Familicide of the Anderson family in 2007

The Carnation murders were a mass murder that occurred on December 24, 2007, near Carnation, Washington, United States, a small rural town 25 mi east of Seattle. The murders took place in the home of Wayne Scott Anderson and Judy Anderson. Six people, comprising three generations of the Anderson family, were killed.

==Victims==
Six people were killed:
- Wayne Scott Anderson, 60, a Boeing Tool Engineering Manager and husband of Judy Anderson
- Judy Anderson, 61, a postal worker, and wife of Wayne Scott Anderson
- Scott Anderson, 32, son of Wayne and Judy
- Erica Mantle Anderson, 32, wife of Scott
- Olivia Anderson, 5, daughter of Scott and Erica
- Nathan Anderson, 3, son of Scott and Erica

==Crime==
According to testimony, Joseph Thomas McEnroe and Michele Kristen Anderson armed themselves and drove their pickup to the home of her parents, Wayne and Judy Anderson, on the afternoon of December 24, 2007.

Once inside, McEnroe distracted Judy Anderson, who was wrapping Christmas gifts, while Michele attempted to shoot her father.
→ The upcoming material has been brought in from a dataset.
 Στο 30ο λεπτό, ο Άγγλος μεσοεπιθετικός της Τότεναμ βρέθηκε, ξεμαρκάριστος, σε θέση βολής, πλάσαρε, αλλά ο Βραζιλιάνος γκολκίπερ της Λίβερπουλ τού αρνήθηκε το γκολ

Michele's gun jammed, so McEnroe killed Wayne and then Judy Anderson.

The two then dragged the bodies outside and carefully cleaned the home and waited for Michele Anderson's older brother, Scott, his wife, Erica, both 32, and their two young children to arrive.
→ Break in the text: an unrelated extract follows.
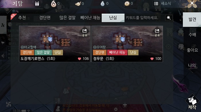 ... 이처럼 직업 콘텐츠는 각 직업의 고유 콘텐츠로 이용자들이 게임이 아니라 무협지 속 삶을 체험하는 듯한 경험을 선사한다. 각 직업이 공통으로 참여할 수 있는 직업 던전은 일반적인 인스턴트 던전의 구성에서 벗어난 진행 방식으로 이용자들에게 새로운 재미를 준다. '격자세계'의

Once the family arrived, Michele Anderson shot her brother several times, killing him. McEnroe and Anderson shot Erica Anderson. Wounded, she managed to get to the home's cordless phone and dialed 9-1-1. The connection only lasted a few seconds and dispatchers heard what sounded to them like people arguing at a party. McEnroe was able to grab the phone from her, tore the batteries out of the receiver, and smashed it on the floor. McEnroe delivered the fatal shot to Erica, and he then shot and killed the children, 5-year-old Olivia and 3-year-old Nathan, at the request of Anderson because they didn't want witnesses and said the children would be scarred for life having seen their parents killed. All 6 victims were shot in the head. The pair had fired a combined total of 16 shots. Police were dispatched to the scene in response to the 9-1-1 call, but the gate to the property was locked and the officers decided not to investigate further. The gate was only locked because Michele Anderson had run out to lock it after she realized Erica's 9-1-1 call went through.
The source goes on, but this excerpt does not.